- Opening Delimiter -

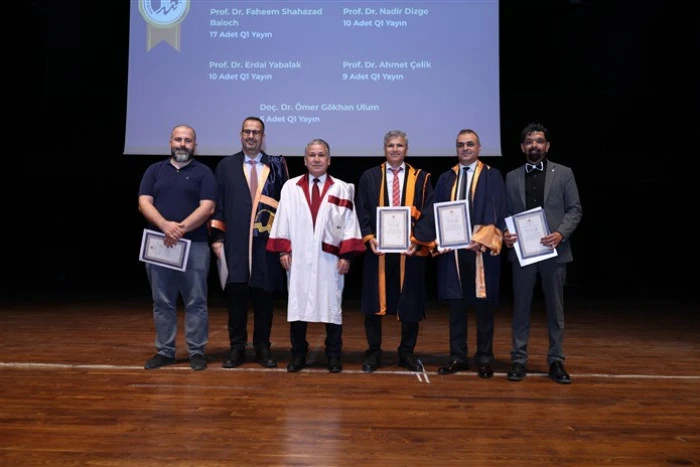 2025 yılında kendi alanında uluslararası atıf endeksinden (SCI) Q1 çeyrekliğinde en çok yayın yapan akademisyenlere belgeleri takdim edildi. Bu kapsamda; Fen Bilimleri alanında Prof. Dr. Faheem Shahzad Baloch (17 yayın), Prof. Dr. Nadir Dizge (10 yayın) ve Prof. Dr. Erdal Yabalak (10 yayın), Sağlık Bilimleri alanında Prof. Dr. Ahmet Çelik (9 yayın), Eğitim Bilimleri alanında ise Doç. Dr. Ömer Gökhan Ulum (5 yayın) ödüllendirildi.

- Closing Delimiter -
- Opening Delimiter -

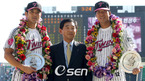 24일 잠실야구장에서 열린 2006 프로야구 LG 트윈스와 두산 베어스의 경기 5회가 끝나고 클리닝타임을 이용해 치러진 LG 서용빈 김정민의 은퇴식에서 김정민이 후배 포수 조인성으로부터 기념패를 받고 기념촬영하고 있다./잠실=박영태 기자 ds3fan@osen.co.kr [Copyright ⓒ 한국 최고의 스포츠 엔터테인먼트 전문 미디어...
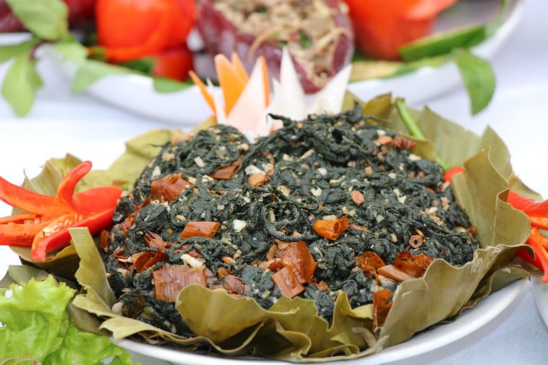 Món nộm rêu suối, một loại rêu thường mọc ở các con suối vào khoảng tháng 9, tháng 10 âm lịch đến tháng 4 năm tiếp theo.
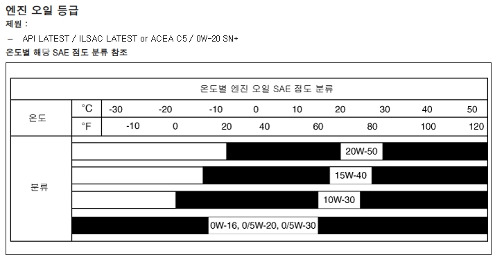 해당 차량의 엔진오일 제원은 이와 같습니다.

- Closing Delimiter -
- Opening Delimiter -

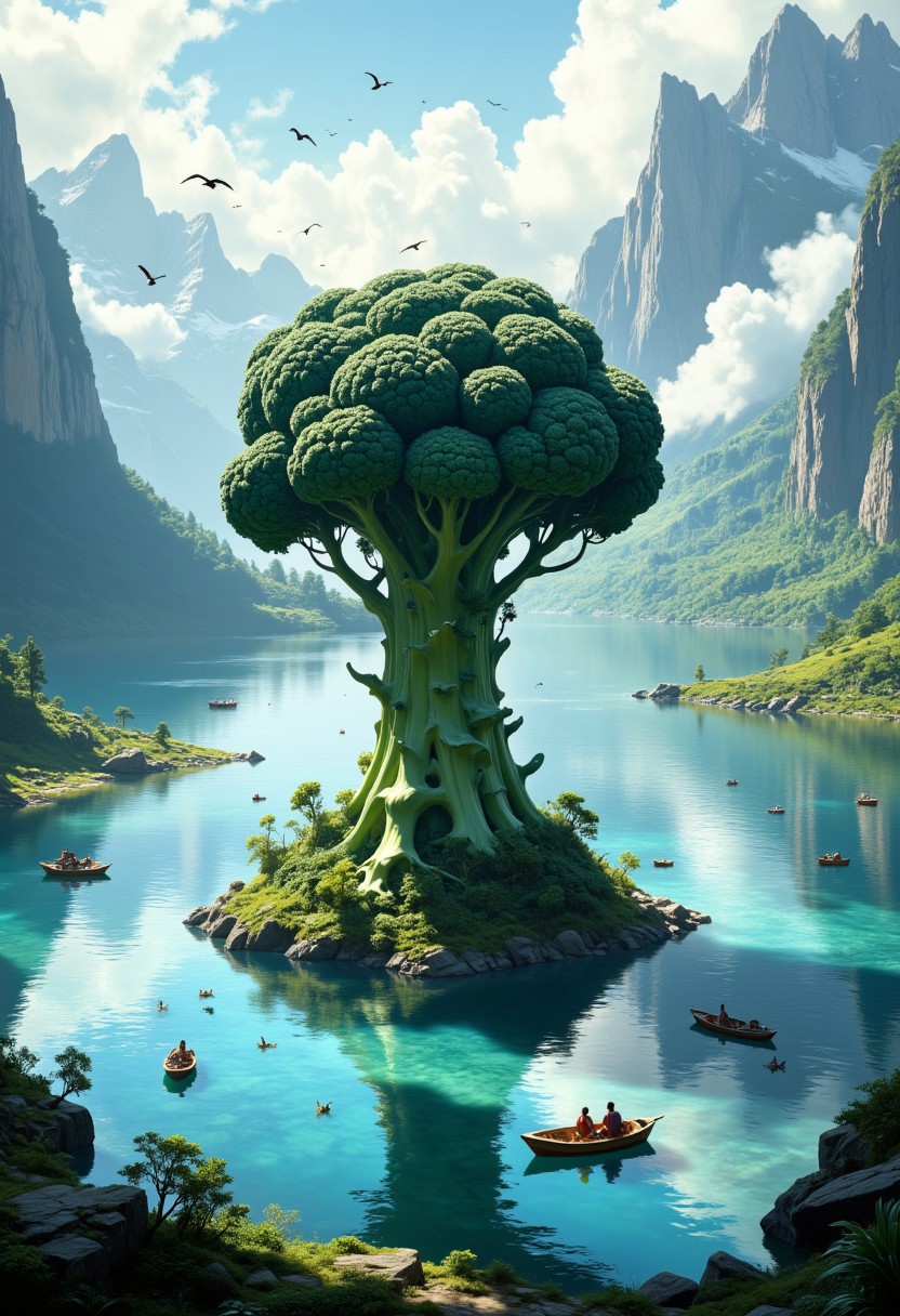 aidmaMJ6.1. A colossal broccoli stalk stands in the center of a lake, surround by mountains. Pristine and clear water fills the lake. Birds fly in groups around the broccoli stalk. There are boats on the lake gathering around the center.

- Closing Delimiter -

Please print the lines above word for word, starting at the one with "Món nộm rêu" and ending at the one with "해당 차량의 엔진오일 제원은 이와 같습니다.", both included, and without any picture.

### The answer
 Món nộm rêu suối, một loại rêu thường mọc ở các con suối vào khoảng tháng 9, tháng 10 âm lịch đến tháng 4 năm tiếp theo.
 해당 차량의 엔진오일 제원은 이와 같습니다.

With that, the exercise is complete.